The invention discloses a cDNA sequence represented by the SEQ ID No.1 of a paddy rice leaf color control gene OscpSRP54 coding area and an amino acid sequence represented by SEQ ID No.2 of a protein encoded by the gene. The gene OscpSRP54 which controls the paddy rice leaf color is cloned from a paddy rice light green leaf mutant HM14 through a map-based cloning technology, and the gene OscpSRP54 is proved to be the gene that control the paddy rice leaf color through a functional complementation experiment. Through observation of chloroplast by using a transmission electron microscope, the fact that the OscpSRP54 gene has the function of modulating chloroplast growth and then further controlling the leaf color is proved. The OscpSRP54 gene can be used to modulate paddy rice chloroplast growth so as to improve the photosynthesis efficiency and increase the paddy rice output.

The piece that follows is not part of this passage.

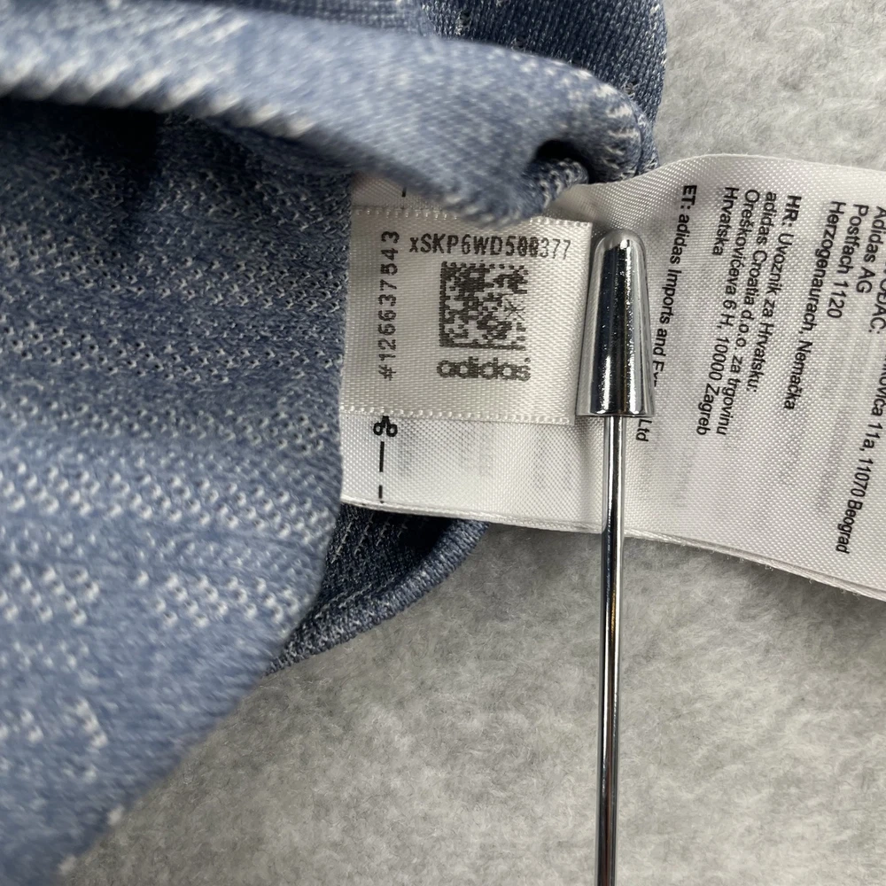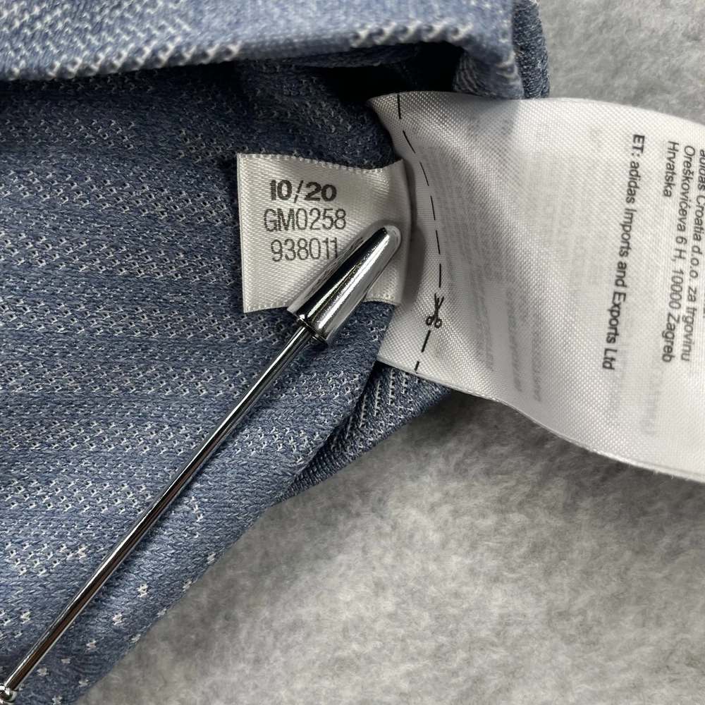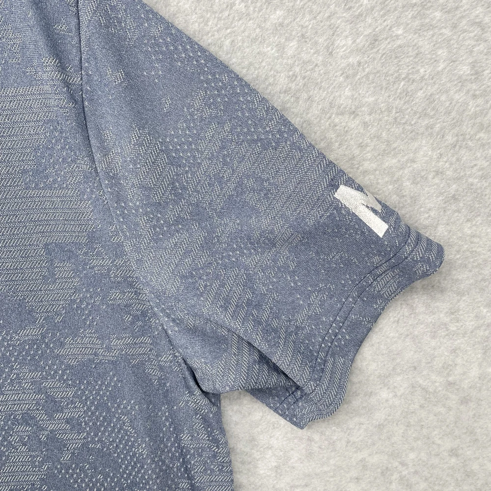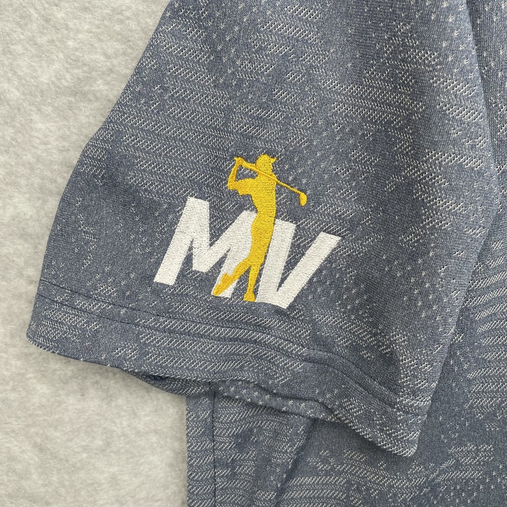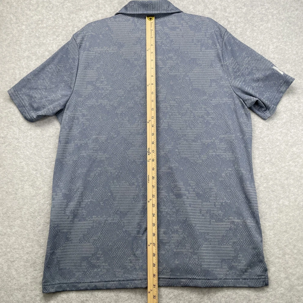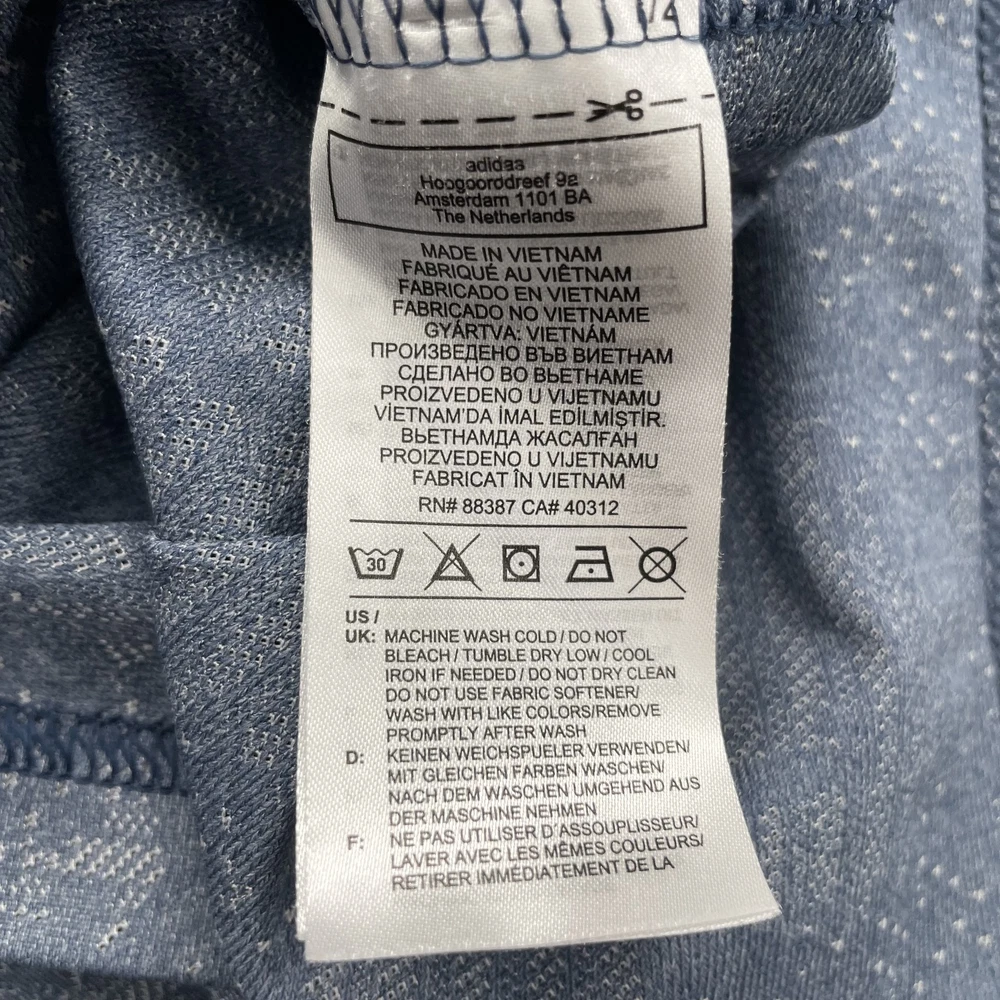 Adidas Primegreen Polo Shirt Camo Mens XL Blue Golf Short Sleeve Performance Condition: Gently worn, no visible flaws Material: Not specified on visible tags, lightweight Primegreen recycled polyester blend fabric Color: Heathered blue with subtle allover pattern Embroidered yellow golfer and MV logo on left sleeve, Adidas logo on right sleeve Collared neck with button placket Short sleeves Tag size: XL (Mens) Pit to pit: approximately 22 inches Length: approximately 31 inches Style code: GM0258 Date: 10/20 Made in Vietnam Machine washable, see tag for care details

The leaf color control gene provided by the invention can also be used as a tracing marker in a genetic transferred plant progeny or an indicating marker for distinguishing pure species from hybrid species in a hybrid seed production process, and can be applied to the fields of good species breeding and hybrid breeding.

Description

The protein of Rice Leaf color control gene OscpSRP54 and coding thereof

Technical field

The invention belongs to plant genetic engineering field, be specifically related to a kind of rice Os cpSRP54 gene that utilizes map-based cloning clone, can utilize this gene regulating rice chloroplast to grow, improve photosynthetic efficiency, increase rice yield.Leaf color control gene of the present invention also can be used as the cue mark of true hybrid in gene transformation plant offspring's tracking mark and hybrid seeding process.

Background technology

Paddy rice is important with China in the world food crop, and the whole world has 35Yi Ren， China to have more than 60% population to take rice as staple food.For guaranteeing grain security, China started super hybridization rice evolutionary operation(EVOP) in 1996.Leaf photosynthesis efficiency is the important factor that determines rice yield, and the photosynthetic normal development that efficiently depends on chlorophyllous synthetic and chloroplast(id), chloroplast(id) is photosynthesis of plant and be the place of many important compound metabolism still not, therefore significant to the research of the growth course of chloroplast(id).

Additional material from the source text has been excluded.